Главная особенность поворота, случившегося в 1980-е годы, состоит в постепенном переформулировании смыслов, в которых рассматривается демократическое требование социальной универсальности. Чтобы правильно понимать масштаб этой перемены, следует исходить из ранее доминировавших представлений об этой универсальности. Всеобщее избирательное право основано на ее численном превосходстве: это совокупность граждан-избирателей, выражение воли которой и означает общую волю. Государственная служба, в свою очередь, связана с идеей объективной универсальности: с тем, что общественные интересы или общественная польза некоторым образом отождествляются с самими структурами республиканского государства. В обоих случаях полагается, что универсальность может осуществляться надлежаще и с пользой. Принимая во внимание ощутимое ослабление влияния этих двух подходов, можно выделить возникновение трех других, более косвенных способов достижения социальной универсальности:
Путем игнорирования особенностей, соблюдения разумной и организованной дистанции с различными сторонами, вовлеченными в решение того или иное дела. Такой подход определяет власть как пустое место. Свойство универсальности того или иного института в этом случае создается в силу того, что никто не может им завладеть. Речь идет об отрицательной универсальности. Она определяется как поддерживающей ее структурной переменной (факт независимости), так и поведенческой переменной (сохранение дистанции и равновесия). Именно такая универсальность определяет положение институтов как органов надзора или регулирования и является их первейшим отличием от избранной власти.
Второй вид достижения универсальности реализуется через процесс обеспечения разнообразия выражений общественного суверенитета. Задачей здесь является усложнение субъектов и форм демократии на пути к достижению ее целей. Речь идет, в частности, об исправлении несовершенства, возникшего в результате ассоциирования избирательного большинства с волей всего социального тела. Это универсальность умножения «воль». Участником этого процесса, например, является конституционный суд, когда он выражает волю того, кого можно назвать «народом-источником», и тщательно пропускает через сито конституционного права решения партии большинства.

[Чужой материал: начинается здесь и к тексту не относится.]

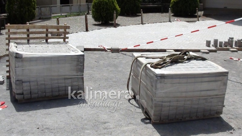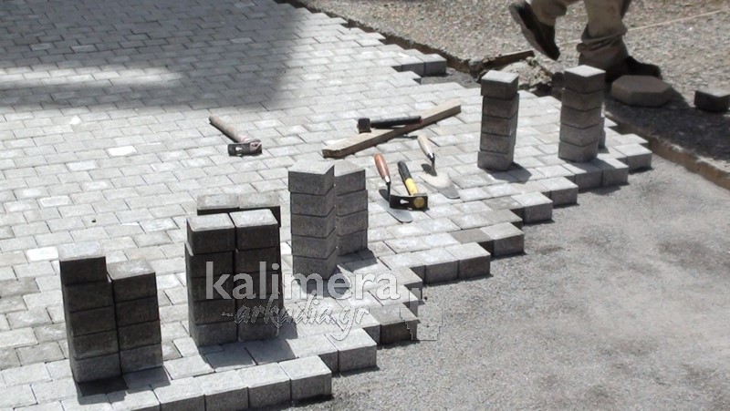 Στο πλαίσιο των εργασιών, τοποθετούνται κυβόλιθοι γύρω από τον Περιστεριώνα και επιπλέον θα μπει φωτισμός.
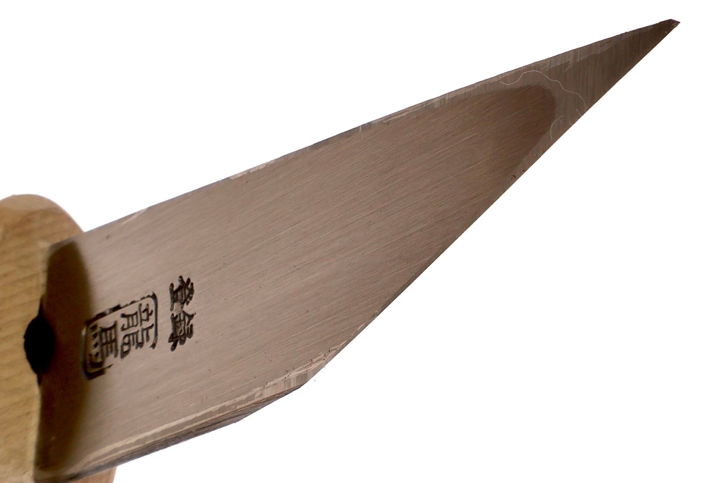 This Japanese yokote knife has a razor-sharp blade that is beveled on one side and has a flat surface on the other side, ideal for precise, detail cutting.
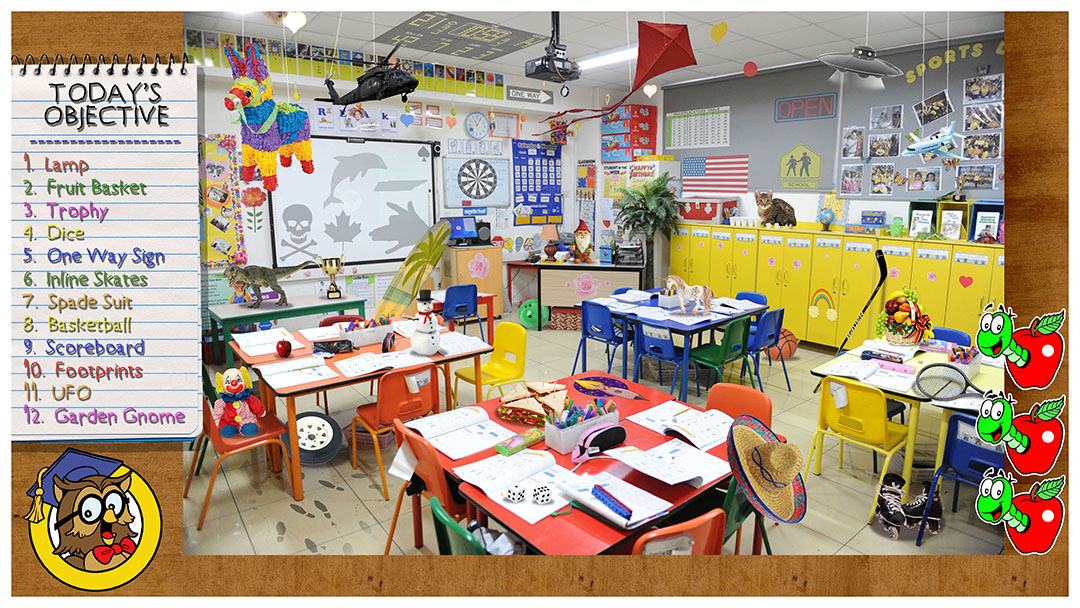 The play-through presents a photo containing a multitude of random items. The list of items that players need to find is shown on the top left. The owl at the bottom left provides limited hints if the player is finding difficulty in the game. The three worms will assist the player if he/she is unable to find a particular item. Players must be careful because he/she will only have three assistance per play-through. The descending green meter at the bottom represents the time. If the player can find all the items listed before time runs out, he/she will advance to the next photo. If not, then the game is over and the player will return the title screen.
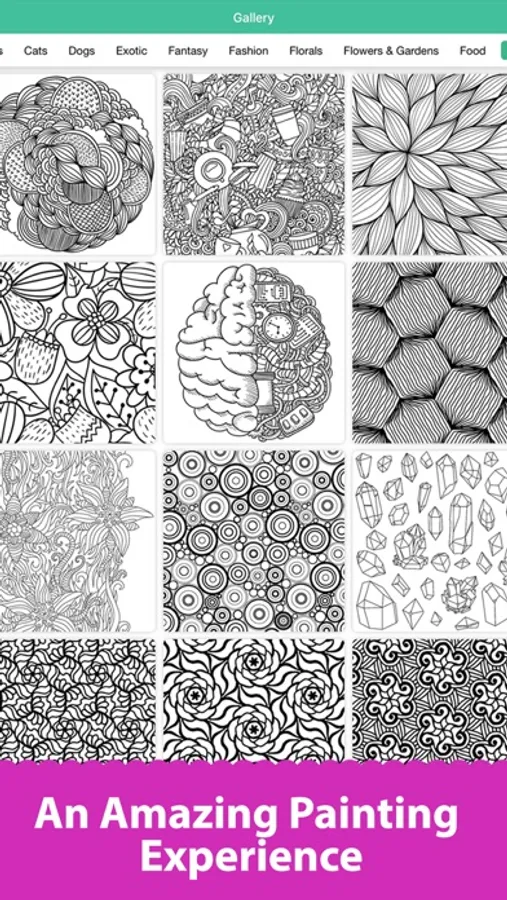 + 750+ pictures to paint: mandalas, patterns, florals, fantasy, tons of different animals, fashion, lifestyle, zodiacs, and much much more!

Наконец, достижение универсальности может осуществляться через учет разнообразия жизненных положений и признание всех социальных особенностей. Она достигается в результате глубокого погружения в мир индивидуальности, заботы о конкретных индивидах. Такой тип универсальности связан с характером действий властей, которые не забывают ни о ком и озабочены проблемами всех. Он связан с искусством управления, которое является противоположностью номократии («законовластия», «всевластия закона». — Прим. ред.).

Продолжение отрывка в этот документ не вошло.